> **AIM OF THE EXERCISE**: The records that follow must be reproduced in full, with every picture excluded.

Saved data entries
--- START ---
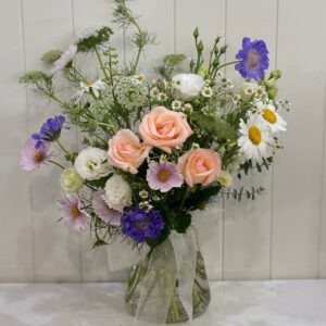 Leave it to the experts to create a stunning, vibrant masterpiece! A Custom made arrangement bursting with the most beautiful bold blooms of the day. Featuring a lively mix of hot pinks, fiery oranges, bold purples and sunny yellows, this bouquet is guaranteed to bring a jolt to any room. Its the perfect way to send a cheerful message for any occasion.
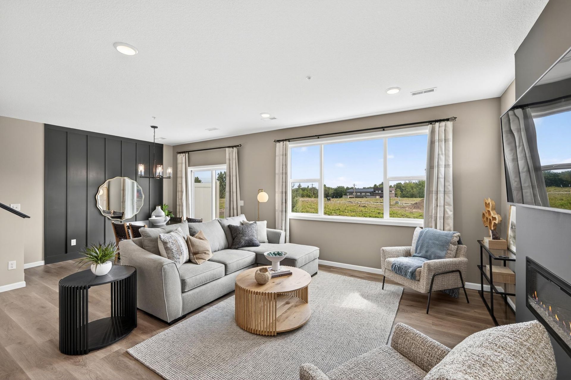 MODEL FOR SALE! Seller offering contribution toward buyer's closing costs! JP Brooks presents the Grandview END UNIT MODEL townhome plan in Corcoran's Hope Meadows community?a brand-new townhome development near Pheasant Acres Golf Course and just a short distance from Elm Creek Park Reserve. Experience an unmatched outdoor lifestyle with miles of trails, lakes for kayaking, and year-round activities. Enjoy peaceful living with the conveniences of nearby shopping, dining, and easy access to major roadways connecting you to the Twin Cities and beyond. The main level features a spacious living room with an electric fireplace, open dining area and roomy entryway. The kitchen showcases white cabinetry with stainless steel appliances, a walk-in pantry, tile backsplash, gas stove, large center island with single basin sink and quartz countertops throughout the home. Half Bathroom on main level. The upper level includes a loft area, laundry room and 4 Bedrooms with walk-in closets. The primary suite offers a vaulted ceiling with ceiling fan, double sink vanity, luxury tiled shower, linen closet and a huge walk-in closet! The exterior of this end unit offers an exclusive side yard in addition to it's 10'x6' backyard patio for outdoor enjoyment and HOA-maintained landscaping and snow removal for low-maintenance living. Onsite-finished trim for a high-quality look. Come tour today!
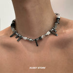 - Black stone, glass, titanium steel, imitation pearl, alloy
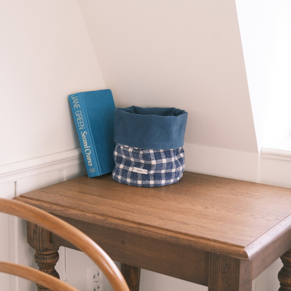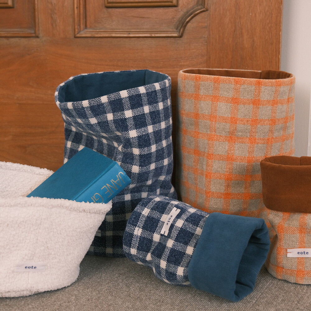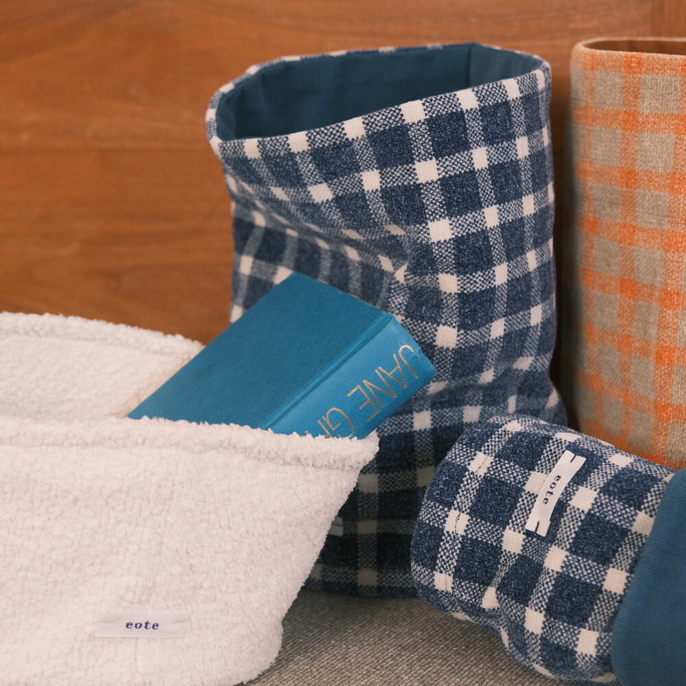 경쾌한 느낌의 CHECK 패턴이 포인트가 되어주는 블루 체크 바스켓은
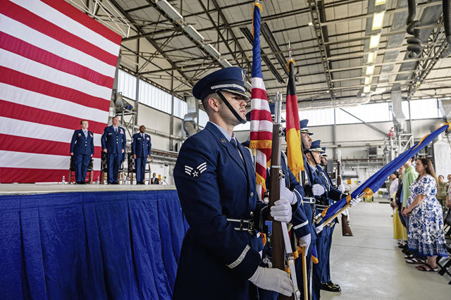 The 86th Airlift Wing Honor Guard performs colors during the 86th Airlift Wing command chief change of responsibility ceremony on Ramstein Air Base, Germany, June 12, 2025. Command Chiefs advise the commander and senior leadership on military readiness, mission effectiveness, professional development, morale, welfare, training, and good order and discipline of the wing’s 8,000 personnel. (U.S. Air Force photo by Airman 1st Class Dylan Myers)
--- END ---
> **EXPECTED ANSWER**:
 Leave it to the experts to create a stunning, vibrant masterpiece! A Custom made arrangement bursting with the most beautiful bold blooms of the day. Featuring a lively mix of hot pinks, fiery oranges, bold purples and sunny yellows, this bouquet is guaranteed to bring a jolt to any room. Its the perfect way to send a cheerful message for any occasion.
 MODEL FOR SALE! Seller offering contribution toward buyer's closing costs! JP Brooks presents the Grandview END UNIT MODEL townhome plan in Corcoran's Hope Meadows community?a brand-new townhome development near Pheasant Acres Golf Course and just a short distance from Elm Creek Park Reserve. Experience an unmatched outdoor lifestyle with miles of trails, lakes for kayaking, and year-round activities. Enjoy peaceful living with the conveniences of nearby shopping, dining, and easy access to major roadways connecting you to the Twin Cities and beyond. The main level features a spacious living room with an electric fireplace, open dining area and roomy entryway. The kitchen showcases white cabinetry with stainless steel appliances, a walk-in pantry, tile backsplash, gas stove, large center island with single basin sink and quartz countertops throughout the home. Half Bathroom on main level. The upper level includes a loft area, laundry room and 4 Bedrooms with walk-in closets. The primary suite offers a vaulted ceiling with ceiling fan, double sink vanity, luxury tiled shower, linen closet and a huge walk-in closet! The exterior of this end unit offers an exclusive side yard in addition to it's 10'x6' backyard patio for outdoor enjoyment and HOA-maintained landscaping and snow removal for low-maintenance living. Onsite-finished trim for a high-quality look. Come tour today!
 - Black stone, glass, titanium steel, imitation pearl, alloy
 경쾌한 느낌의 CHECK 패턴이 포인트가 되어주는 블루 체크 바스켓은
 The 86th Airlift Wing Honor Guard performs colors during the 86th Airlift Wing command chief change of responsibility ceremony on Ramstein Air Base, Germany, June 12, 2025. Command Chiefs advise the commander and senior leadership on military readiness, mission effectiveness, professional development, morale, welfare, training, and good order and discipline of the wing’s 8,000 personnel. (U.S. Air Force photo by Airman 1st Class Dylan Myers)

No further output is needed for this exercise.